SC judges who head statutory selection committees for tribunal vacancies have decided to stop working until 100 recommendations made since 2017 are appointed. 21 names recommended for NCLT and NCLAT (company law), 10 for NCDRC (consumer disputes), 35 recommended for ITAT (income tax) and 20 for AFT (armed forces) hang fire. Other tribunals like TDSAT (telecom), DRT (debt recovery), RCT (railways), and CAT are headless or plagued by crippling vacancies. HCs, where tribunal disputes land up, are faring no better with 455 vacancies among 1,098 sanctioned posts.
GoI-SC differences delaying appointments can be traced back to the 2015 SC strikedown of the National Judicial Appointments Commission as well as court negation of GoI attempts at restructuring tribunals since 2017. The Memorandum of Procedure to guide the post-NJAC collegium in judicial appointments remains in limbo. GoI’s move to regulate service conditions for judicial members of tribunals triggered resistance from the legal community. In July, SC ruled a 2021 Ordinance provision reforming tribunals contrary to principles of separation of powers and independence of judiciary.
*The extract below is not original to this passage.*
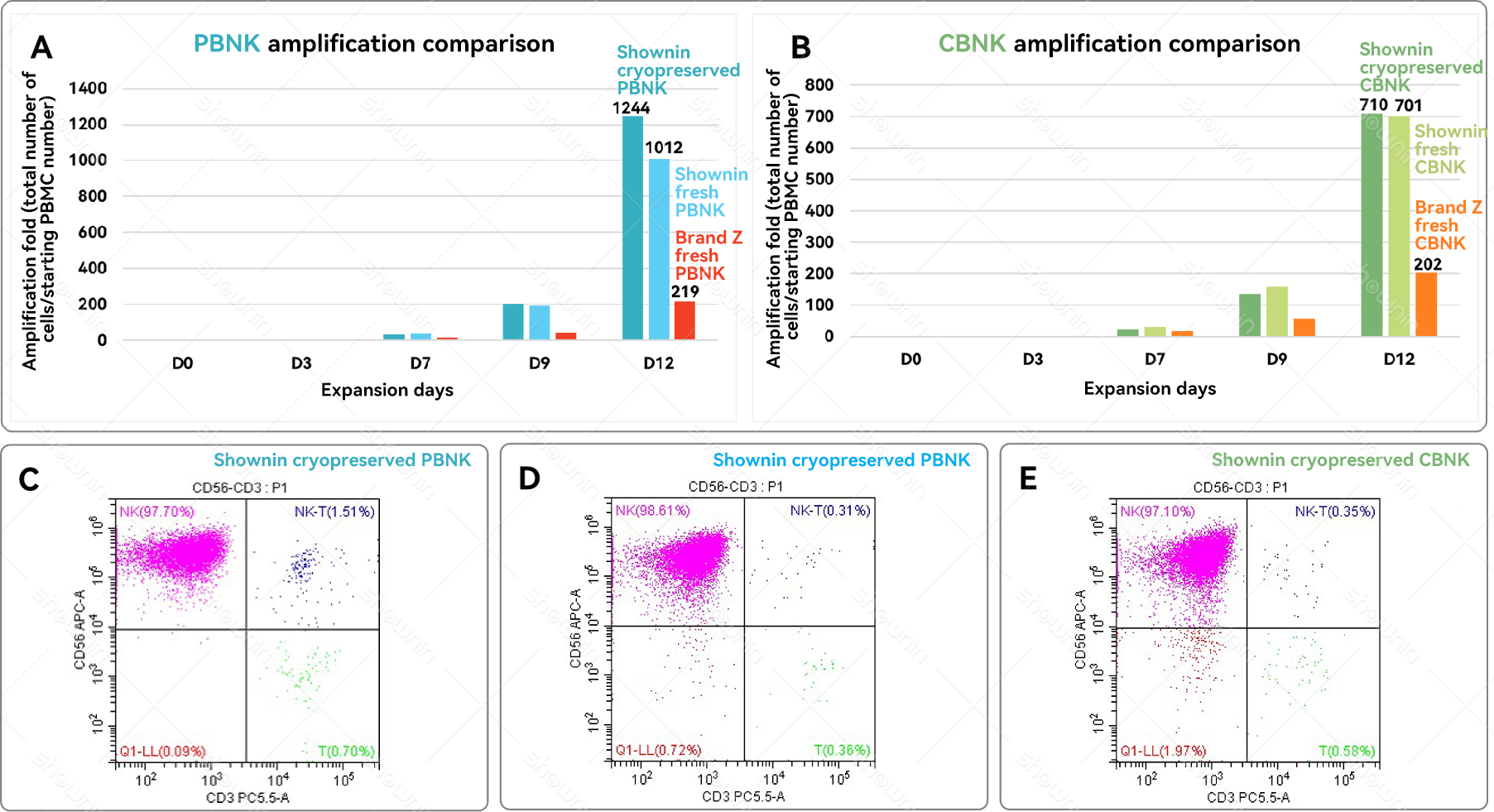 E: Positive rate of cryopreserved umbilical cord blood NK cells expanded in the shownin's system.(Day 12)

On another plane of reality, the pandemic and social distancing norms have dealt a severe blow to functioning of courts and tribunals. In 2019, HCs had disposed of, by a small margin, more matters than were instituted. Cut to 2020, new matters instituted fell 33% y-o-y but disposal witnessed a staggering 53% crash, swelling pendency burden by 4 lakh cases. With normalcy creeping back, vacancies won’t help courts and tribunals hit the ground running. Like infrastructure, courts and tribunals are equally key to the India story. The ease of doing business experience depends on the speed of disposal of litigation and the quality of justice. End the ego and/or procedural battles.
This piece appeared as an editorial opinion in the print edition of The Times of India.